Under the title “Rotting-Flesh Reaganism,” R. R. Reno argues that Reagan’s campaign for economic freedom “made sense in 1980, a great deal of sense. But we’re in 2016 now, and we’re no longer suffering under suffocating collectivism and clotted, complacent capitalism. . . . The politics of freedom is losing its salience.”
It surely is the case that the old Reagan message has less purchase now than it did a quarter-century ago. The word “entrepreneurship” hardly was spoken during the recent Republican primaries. That is disturbing, because the empirical evidence argues strongly that today’s capitalism is more “clotted” and more “complacent” than at any time for which we have data.
Here are some parameters that show just how cartelized the American economy has become:
First, and most alarming, startup businesses contributed virtually zero new jobs during the post-2009 employment recovery.
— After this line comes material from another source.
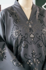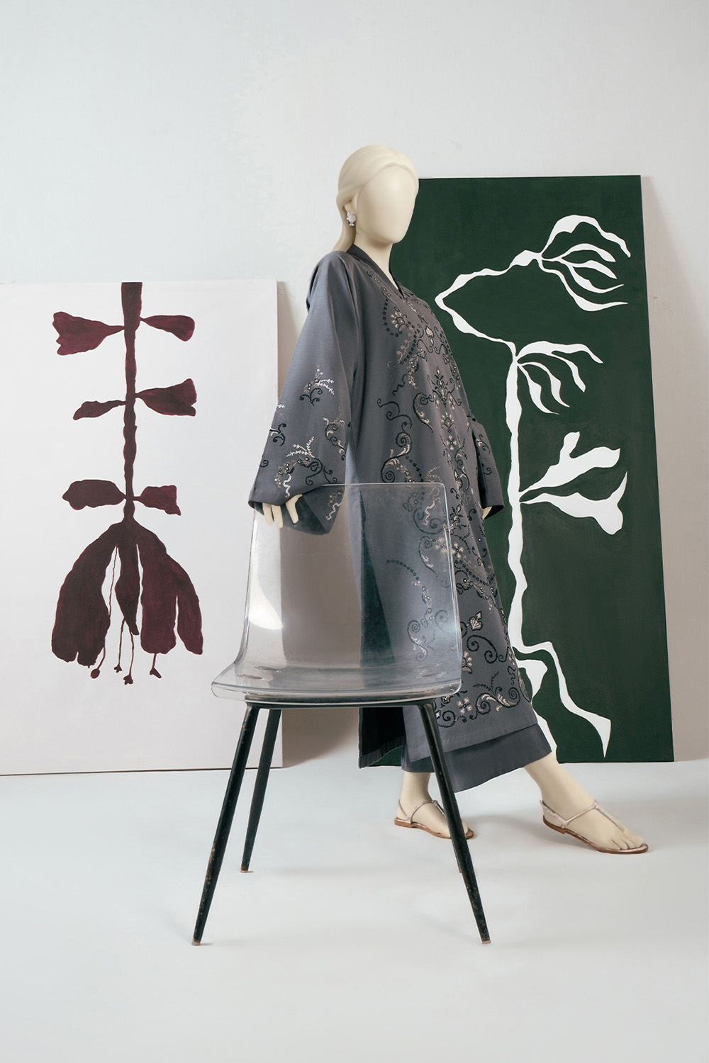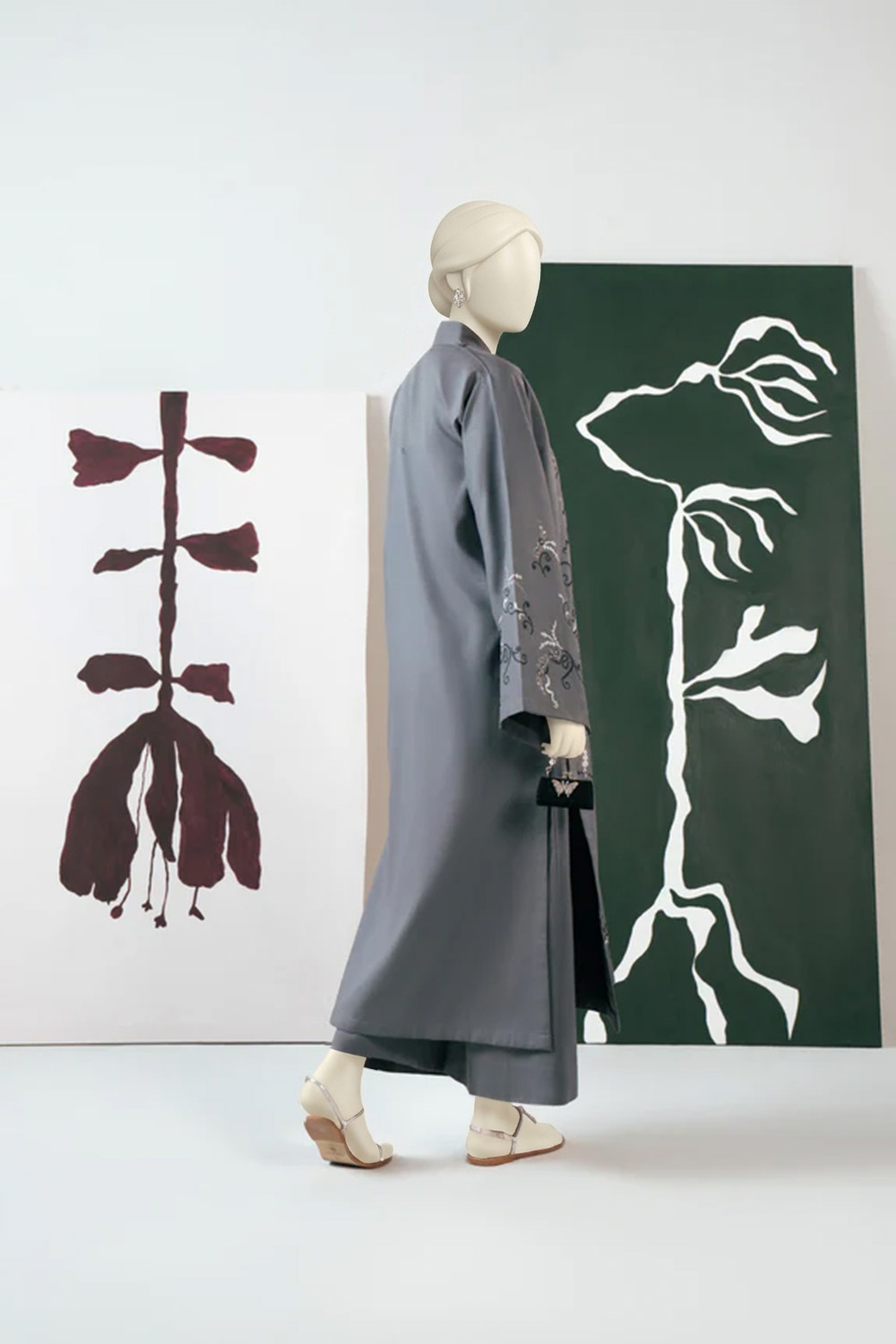 Crafted in breathable cotton, Ziva features a graceful long shirt silhouette in a deep grey tone. Intricate cross-stitch embroidery across the shirt and sleeves adds timeless character with a modern edge.

Nearly all the employment growth since the depth of the Great Depression came among the 1,500 largest American public companies by market capitalization. In a February study for Asia Times, I showed that the reported employment growth of the S&P 1,500 companies was nearly identical to the total increase in payroll employment reported by the Bureau of Labor statistics during the past seven years.
That is a drastic and unprecedented reversal of historic patterns. As I observed in the Asia Timesstudy, “Economists from the US Census Bureau and the University of Maryland showed in a 2014 study that startup firms created an average of 2.9 million jobs a year between 1980 and 2010—twice the 1.4 million average increase in employment. In other words, startups created 2.9 million jobs a year while established firms lost 1.5 million jobs a year.”